Greenway is a Tampa, Fla.-based provider of healthcare software solutions and services.
Nord Anglia on deck
Back in the primary market, Nord Anglia Education set a lender call for 10 a.m. ET on Friday to launch a $500 million term loan B due January 2028 and an up to $1.4 billion equivalent euro term loan B due January 2028, according to a market source. Small group question and answer meetings will be available on Monday and Tuesday.
The euro term loan has a 0% floor and no amortization, the U.S. term loan has a 0.5% floor and amortization of 1% per annum, and both term loans have 101 soft call protection for six months, the source said. Spread and original issue discount talk are not yet available, but there will be no margin step-downs in either term loan.
Commitments for the U.S. term loan are due at 5 p.m. ET on Jan. 25 and commitments for the euro term loan are due at noon ET on Jan. 25, the source added.
Nord Anglia leads
Deutsche Bank Securities Inc. and JPMorgan Chase Bank are joint physical bookrunners on Nord Anglia’s U.S. term loan, and HSBC is a joint bookrunner. HSBC, Deutsche Bank and JPMorgan are joint physical bookrunners on the euro term loan. Mandated lead arrangers on the loans are Citigroup Global Markets Inc., DBS, Goldman Sachs, Morgan Stanley Senior Funding Inc., Standard Chartered, BofA Securities Inc. and E. Sun. HSBC is the administrative agent.
The new loans will be used to extend and refinance the company’s existing U.S. and euro first-lien term loans due September 2024.
BPEA EQT and CPP Investments are the sponsors.
Nord Anglia is a London-based K-12 schools platform.
Fund flows
In other news, actively managed loan fund flows on Wednesday were negative $61 million and loan ETFs were positive $2 million, market sources said.
The tracking estimate for Thursday night’s Lipper numbers for loans are outflows totaling $250 million, sources continued.
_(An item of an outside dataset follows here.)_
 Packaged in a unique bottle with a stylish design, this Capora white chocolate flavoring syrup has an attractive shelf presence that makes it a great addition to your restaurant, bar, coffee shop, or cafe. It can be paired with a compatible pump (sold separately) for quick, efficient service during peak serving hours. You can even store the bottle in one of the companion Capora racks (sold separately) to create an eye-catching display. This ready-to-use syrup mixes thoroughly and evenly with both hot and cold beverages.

These would be the lightest outflows for leveraged loan funds in a few months.
Actively managed high-yield fund flows on Wednesday were negative $96 million and high-yield ETFs were negative $244 million.
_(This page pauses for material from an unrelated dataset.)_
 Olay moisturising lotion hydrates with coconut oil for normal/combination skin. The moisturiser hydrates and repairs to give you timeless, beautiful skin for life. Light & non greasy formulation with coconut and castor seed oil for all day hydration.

The tracking estimate for Thursday night’s Lipper numbers for high-yield are inflows totaling $2.1 billion, sources added. These would be the largest inflows for the high-yield asset class in a few months.
Loan indices rise
IHS Markit’s iBoxx loan indices were stronger on Wednesday, with the Leveraged Loan indexes (MiLLi) closing out the day up 0.18% and the Liquid Leveraged Loan indices (LLLi) closing out the day up 0.16%.
Month to date, the MiLLi is up 1.36% and the LLLi is up 1.64%.
Average secondary market bids in the U.S. on Wednesday were 92.25, up 0.03% from the previous day and up 0.39% year to date.
According to the IHS Markit data, some of the top advancers on Wednesday were National Mentor/Civitas’ March 2021 covenant-lite term loan at 74.13, up from 71.75, Liftoff Mobile/Vungle’s September 2021 covenant-lite term loan B at 63.92, up from 61.92, and Western Dental’s August 2021 term loan B at 93.83, up from 91.13.
Some top decliners on Wednesday were Jo-Ann Stores’ July 2021 covenant-lite term loan B at 59.40, down from 61, National CineMedia’s June 2018 term loan B at 22.88, down from 23.45, and Loyalty Ventures’ November 2021 covenant-lite term loan B at 38.43, down from 39.38.